# Senko



## gooseboy (Sep 13, 2005)

What makes them better than regular soft worms?


----------



## njsimonson (Sep 24, 2002)

Senkos are the "do nothing lures" I referred to in my last post on this category.

What makes them better? The slow wiggly fall is probably one of the most attractive fish-triggers on the market. They are loaded with salt and come in 100 different colors, six different sizes, and so on. They just catch fish, finessed during a tough bite, or nailed on a strong bite. They almost seem to work in all occasions. They are great for shallow water (<10 feet) for fishing docks, weeds, structure, and fallen trees.

What sucks about Senkos is their durability, coupled with a high price tag. If you ever see bags on sale for under $5, buy them. Last year a Gander near Duluth closed and I got 8 bags for $30 when they liquidated their inventory. That was a steal.

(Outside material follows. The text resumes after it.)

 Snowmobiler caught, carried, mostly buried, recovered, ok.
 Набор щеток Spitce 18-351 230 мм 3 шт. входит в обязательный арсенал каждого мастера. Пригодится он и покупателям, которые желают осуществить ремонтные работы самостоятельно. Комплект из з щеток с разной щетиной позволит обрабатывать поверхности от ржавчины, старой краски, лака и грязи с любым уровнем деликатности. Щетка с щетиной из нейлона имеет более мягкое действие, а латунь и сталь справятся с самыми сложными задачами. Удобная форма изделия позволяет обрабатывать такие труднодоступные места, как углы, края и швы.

You're lucky to catch three fish on one Senko before it is destroyed. Especially with a Texas Rig, the body material (because it is so salted) does not hold together, and is quickly torn apart. I've caught the two biggest bass of my life on Senkos, both one-fish worms. Were they worth it? You betcha.

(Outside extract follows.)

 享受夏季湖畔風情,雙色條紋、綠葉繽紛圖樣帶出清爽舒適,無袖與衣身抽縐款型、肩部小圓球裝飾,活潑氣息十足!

There are lots of Senko knock-offs out there and a good number of senko type worms are made by other brands, or freelancers. Yum Dinger, BPS Stik-O, Case Magic Stick, Wave Tikistick and on and on. I just bought a 100-pack of knock offs on Ebay for $24. We'll see how they work in about 2 months!


----------



## Madison (Mar 1, 2002)

Senkos are great.. Smallies on mille Lacs love them!! They're great for fishing shallow rock structures and fihsing them weightless with a big worm hook.. Or they can also be used drop shot style for those down deep bass..


----------



## oklahomawatrfwlr (Jan 31, 2005)

Plus you use them for texas and carolina rigging and what not. They are also a tougher plastic


----------



## GOOSEWHISPERER (Mar 4, 2006)

Hey these sinkos are costly!!!! so I came up with a way to hinder that. This only works wacky style. take a piece of that shrink tube for auto wiring the size that just slides over the sinko cut a piece about 3/4 inch long slide it to the middle of the sinko take your 1/0 or 2/0 wacky style hook and punch it thru there now you can catch more than one fish without rebating. You can use electrical tape as well works just as good! 8)


----------



## varmithunter06 (Jun 3, 2006)

everything about them there hevier=longer casts, do nothing baits many times i will throw one in and rig one of my other rods pick the senko rod back up and ill have a fish on, and theres many many ways to fish them


----------



## jamesavp (Apr 20, 2006)

Senko's Are deadly, Sooooooooooooooooo deadly you shouldn't even talk about them!(JK)
I fish them many different ways. Weedless,wacky style,drop shot, split shot rig, Carolina rig.

My best 2 are weedless/drop shot


----------